> _SUPPLIED DATA_:
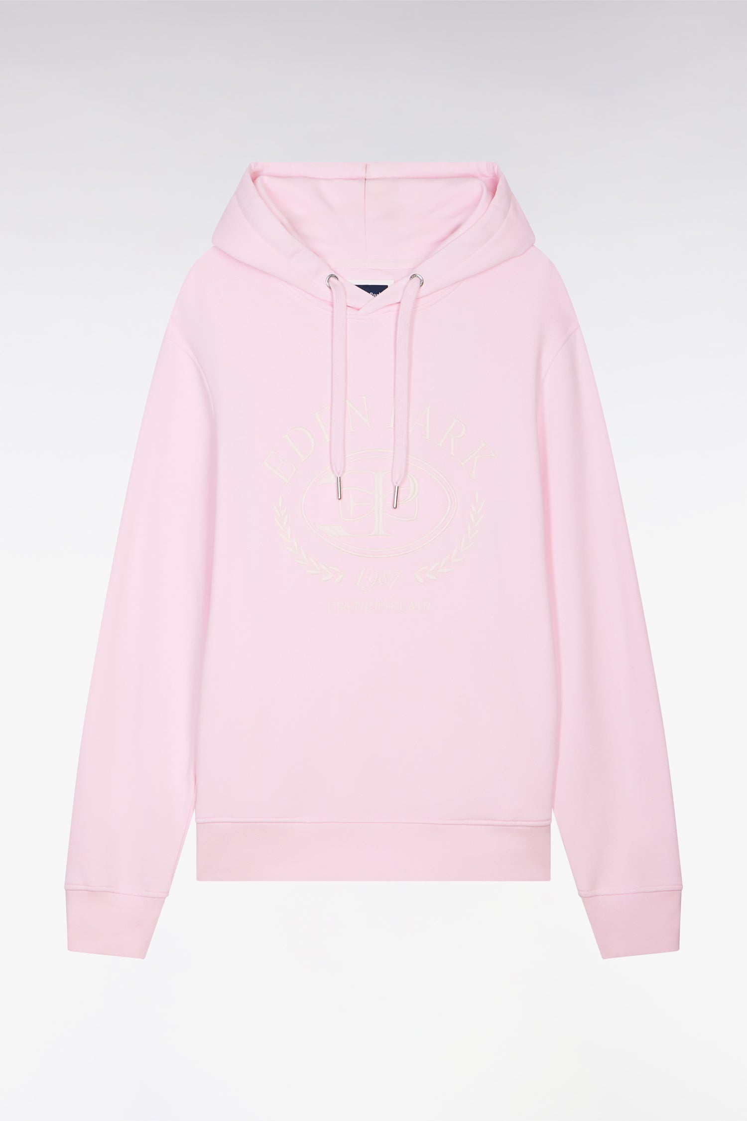 For the spring summer season, our French House had fun imagining a men's collection with vintage accents and very sporty-chic Ivy League inspirations. In pink or ecru, this soft hooded sweatshirt brings elegance and lightness to the men's wardrobe. This refined model, without a pocket to make room for its careful embroidery, asserts its retro style at the heart of the trend. I Thread embroidery
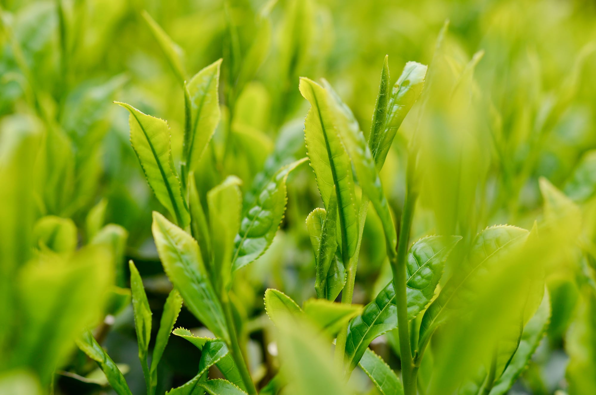 豊好園が育て製茶する30種を超える日本茶品種。煎茶・ほうじ茶・和紅茶それぞれに適した品種があり、それは茶の奥行きと幅である個性を存分に楽しむ事ができるのです。成木になるまで約5年、そこから1年かけ新芽が芽吹きます。
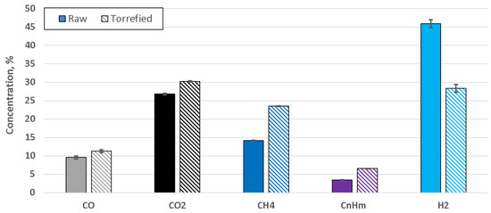 There were significant differences in the average composition of the gas obtained during both experiments (see Figure 6). The most notable was the difference in the hydrogen content, which was much higher in the case of the gasification of raw sewage sludge in comparison to the gasification of torrefied sewage sludge. On the other hand, the concentration of methane, as well as the concentration of other light hydrocarbons (CnHm), was substantially higher during the gasification of the torrefied sewage sludge. The contents of carbon dioxide and carbon monoxide were also higher for the experiment performed with torrefied feedstock. As a consequence of their respective compositions, dry producer gases from the gasification of raw sewage sludge had an average lower heating value of 13.51 MJ/m3, whereas the gas produced from torrefied sewage sludge reached 17.51 MJ/m3 on average.

> _EXERCISE DETAILS_: The answer should be the complete listing, set down exactly, without pictures.

> _EXERCISE RESPONSE_:
 For the spring summer season, our French House had fun imagining a men's collection with vintage accents and very sporty-chic Ivy League inspirations. In pink or ecru, this soft hooded sweatshirt brings elegance and lightness to the men's wardrobe. This refined model, without a pocket to make room for its careful embroidery, asserts its retro style at the heart of the trend. I Thread embroidery
 豊好園が育て製茶する30種を超える日本茶品種。煎茶・ほうじ茶・和紅茶それぞれに適した品種があり、それは茶の奥行きと幅である個性を存分に楽しむ事ができるのです。成木になるまで約5年、そこから1年かけ新芽が芽吹きます。
 There were significant differences in the average composition of the gas obtained during both experiments (see Figure 6). The most notable was the difference in the hydrogen content, which was much higher in the case of the gasification of raw sewage sludge in comparison to the gasification of torrefied sewage sludge. On the other hand, the concentration of methane, as well as the concentration of other light hydrocarbons (CnHm), was substantially higher during the gasification of the torrefied sewage sludge. The contents of carbon dioxide and carbon monoxide were also higher for the experiment performed with torrefied feedstock. As a consequence of their respective compositions, dry producer gases from the gasification of raw sewage sludge had an average lower heating value of 13.51 MJ/m3, whereas the gas produced from torrefied sewage sludge reached 17.51 MJ/m3 on average.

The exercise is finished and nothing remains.